◆ What the task asks ◆
Provide an exact copy of the data, excluding the images.

◆ Given information ◆
■ ■ ■ ■ ■

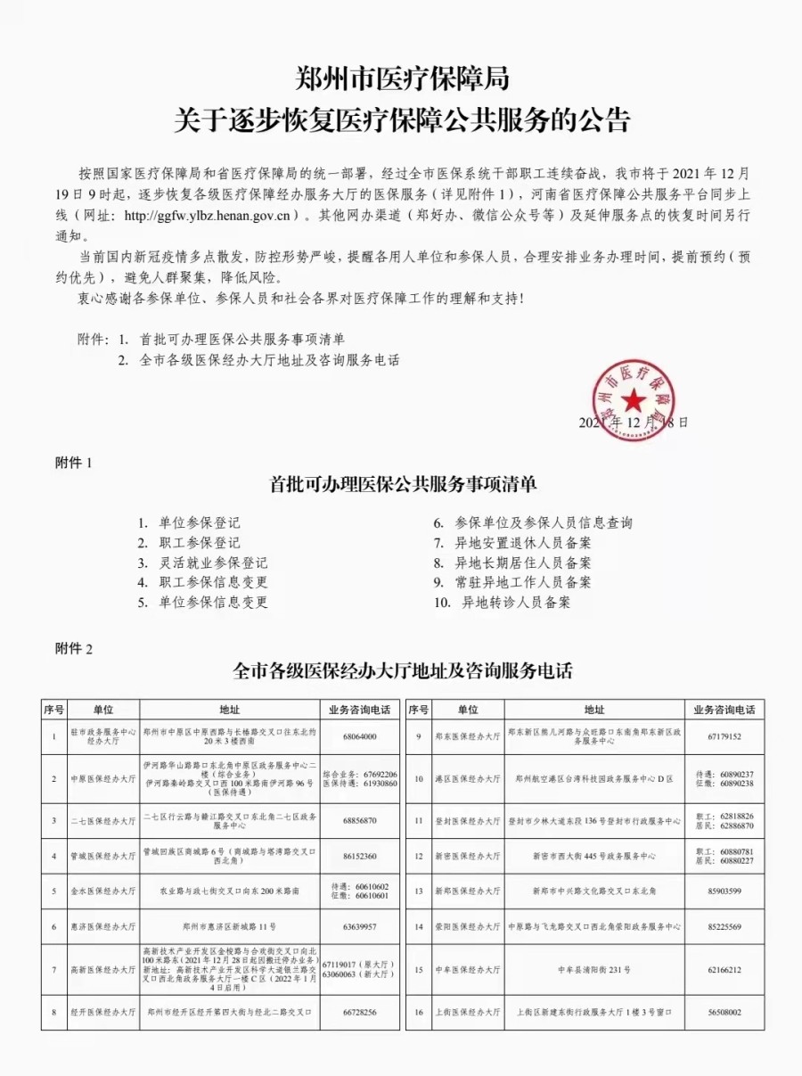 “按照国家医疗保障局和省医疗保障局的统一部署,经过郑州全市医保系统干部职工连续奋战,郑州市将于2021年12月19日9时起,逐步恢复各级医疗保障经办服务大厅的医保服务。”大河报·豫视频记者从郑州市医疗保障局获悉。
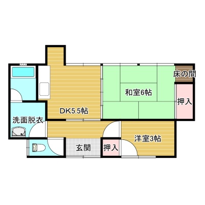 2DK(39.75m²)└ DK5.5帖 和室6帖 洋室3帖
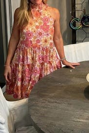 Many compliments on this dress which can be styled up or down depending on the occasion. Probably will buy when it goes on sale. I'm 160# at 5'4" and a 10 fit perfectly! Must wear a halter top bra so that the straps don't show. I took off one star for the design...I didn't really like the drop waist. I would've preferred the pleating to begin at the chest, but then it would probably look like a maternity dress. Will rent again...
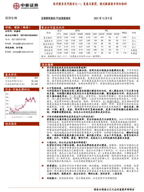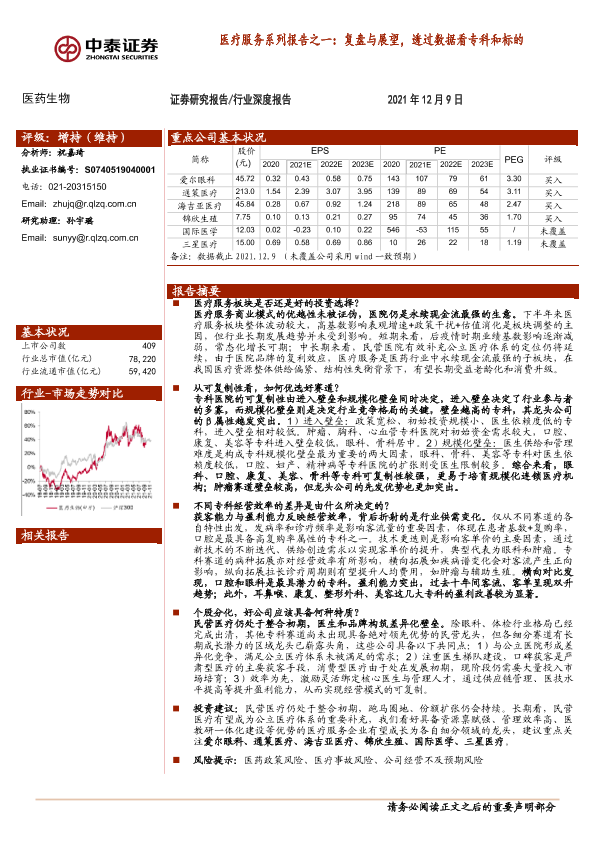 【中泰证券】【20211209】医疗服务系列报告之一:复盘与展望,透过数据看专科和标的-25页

■ ■ ■ ■ ■

◆ Response below ◆
 “按照国家医疗保障局和省医疗保障局的统一部署,经过郑州全市医保系统干部职工连续奋战,郑州市将于2021年12月19日9时起,逐步恢复各级医疗保障经办服务大厅的医保服务。”大河报·豫视频记者从郑州市医疗保障局获悉。
 2DK(39.75m²)└ DK5.5帖 和室6帖 洋室3帖
 Many compliments on this dress which can be styled up or down depending on the occasion. Probably will buy when it goes on sale. I'm 160# at 5'4" and a 10 fit perfectly! Must wear a halter top bra so that the straps don't show. I took off one star for the design...I didn't really like the drop waist. I would've preferred the pleating to begin at the chest, but then it would probably look like a maternity dress. Will rent again...
 【中泰证券】【20211209】医疗服务系列报告之一:复盘与展望,透过数据看专科和标的-25页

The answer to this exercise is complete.